Rapid will be followed by two giant 400,000 barrel-a-day projects in China: Rongsheng Petro Chemical Co.'s plant in Zhejiang, and the Hengli Petrochemical Co.'s refinery in Dalian. The two refineries will come online between the first and second quarters of next year.
All three refineries have started buying crude, both under long-term contracts and on the spot market, traders familiar with the matter said, asking not to be named because the information isn't public. In the process, they're helping to send premiums for low-quality, highly sulfurous oil -- known as heavy, sour crude -- in Asia sharply higher. It's exactly the type of oil Iran had supplied in abundance.

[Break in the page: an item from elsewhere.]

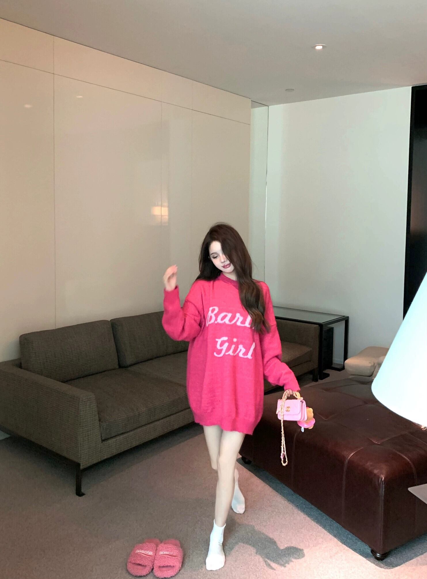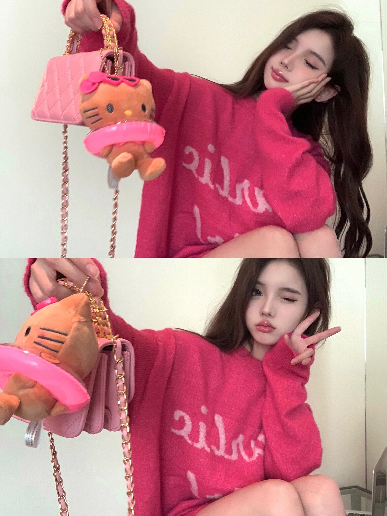 ローズレッド怠惰なスタイルのセーターの女性の秋のラウンドネックプルオーバーセーターカジュアルルーズオーバーサイズ長袖トップ ロング オータム 秋物 Oネック bstraw51670813259 | beaute25

"Oil markets are facing mounting supply uncertainty as Iran sanctions bite," said Roger Diwan, oil analyst at consultant IHS Markit Ltd. in Washington, forecasting Brent in the $75 to $90 range from now until mid-2019.
On top of the new refiners, the Asian market is already contending with a plant that just came on-stream over the last few weeks after several delays: the 200,000 barrel-a-day Nghi Son Refinery and Petrochemical facility in Vietnam. The refinery is consuming a diet of mostly Kuwaiti crude.
As oil refiners from India to South Korea scramble to find alternative supplies to Iranian crude, they are pushing up the prices of crudes that can substitute for lost shipments. For many in the physical trade in Asia, the regional market is on fire.
Oman crude has recently traded at more than $2 a barrel over the Dubai benchmark, the highest in eight years, according to Bloomberg data. ESPO Blend, a Russian crude that arrives into China via pipeline from Siberia, is selling at its highest premium to its benchmark in four years, traders said.
Iranian oil exports into Asia fell to 880,000 barrels a day in the first half of September, down from 1.6 million barrels a day in April, before U.S. President Donald Trump ripped up the diplomatic deal that curtailed Tehran's nuclear program.